### Work instruction
Transcribe the data as written, minus images.

### Collected material
---------------
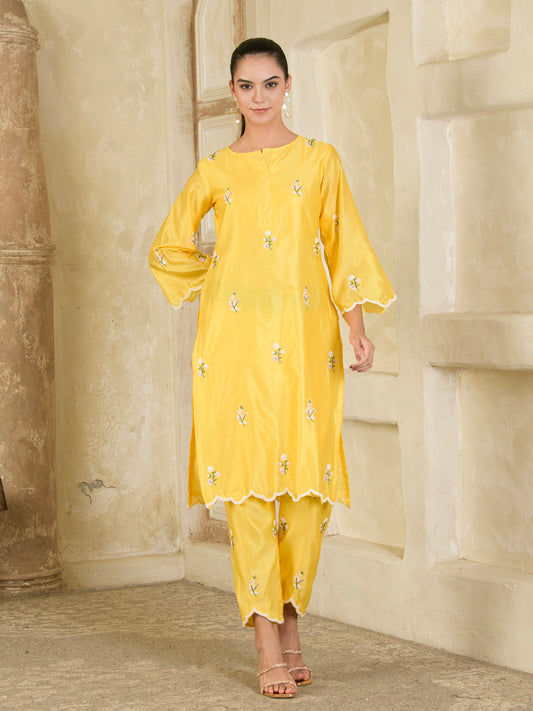 Vibrant Yellow Hand Embroidered Chanderi Kurta and Pants ( Set of 2 )
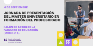 Find out more »La Escuela de Doctorado y Estudios de Posgrado de la Universidad de La Laguna ha organizado una Jornada de presentación del Máster Universitario en Formación del Profesorado de Educación Secundaria Obligatoria y Bachillerato, Formación Profesional y Enseñanza de Idiomas. El acto para todo el alumnado del curso 2023-2024 tendrá lugar el miércoles 6 de septiembre,...
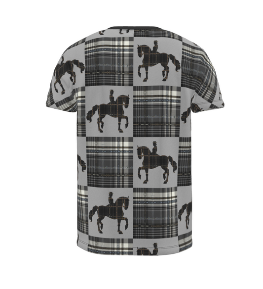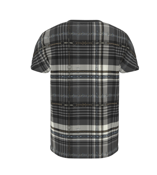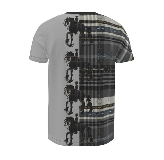 Gray and Black Equestrian Sporty Plaid All Over Print T Shirt
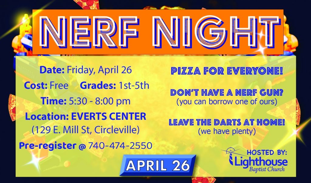 NERF NIGHT! Pizza, giveaways, and lots of fun! Need a NERF gun? You can borrow one of ours! Leave your darts at home, we’ll have plenty. At the Everts Center: 129 East Mill St., Circleville. Friday, April 26 from 5:30-8:00 pm. This is a FREE event! Grades 1st – 5th. To pre-register call 740-474-2550.
---------------
### The answer
 Vibrant Yellow Hand Embroidered Chanderi Kurta and Pants ( Set of 2 )
 Find out more »La Escuela de Doctorado y Estudios de Posgrado de la Universidad de La Laguna ha organizado una Jornada de presentación del Máster Universitario en Formación del Profesorado de Educación Secundaria Obligatoria y Bachillerato, Formación Profesional y Enseñanza de Idiomas. El acto para todo el alumnado del curso 2023-2024 tendrá lugar el miércoles 6 de septiembre,...
 Gray and Black Equestrian Sporty Plaid All Over Print T Shirt
 NERF NIGHT! Pizza, giveaways, and lots of fun! Need a NERF gun? You can borrow one of ours! Leave your darts at home, we’ll have plenty. At the Everts Center: 129 East Mill St., Circleville. Friday, April 26 from 5:30-8:00 pm. This is a FREE event! Grades 1st – 5th. To pre-register call 740-474-2550.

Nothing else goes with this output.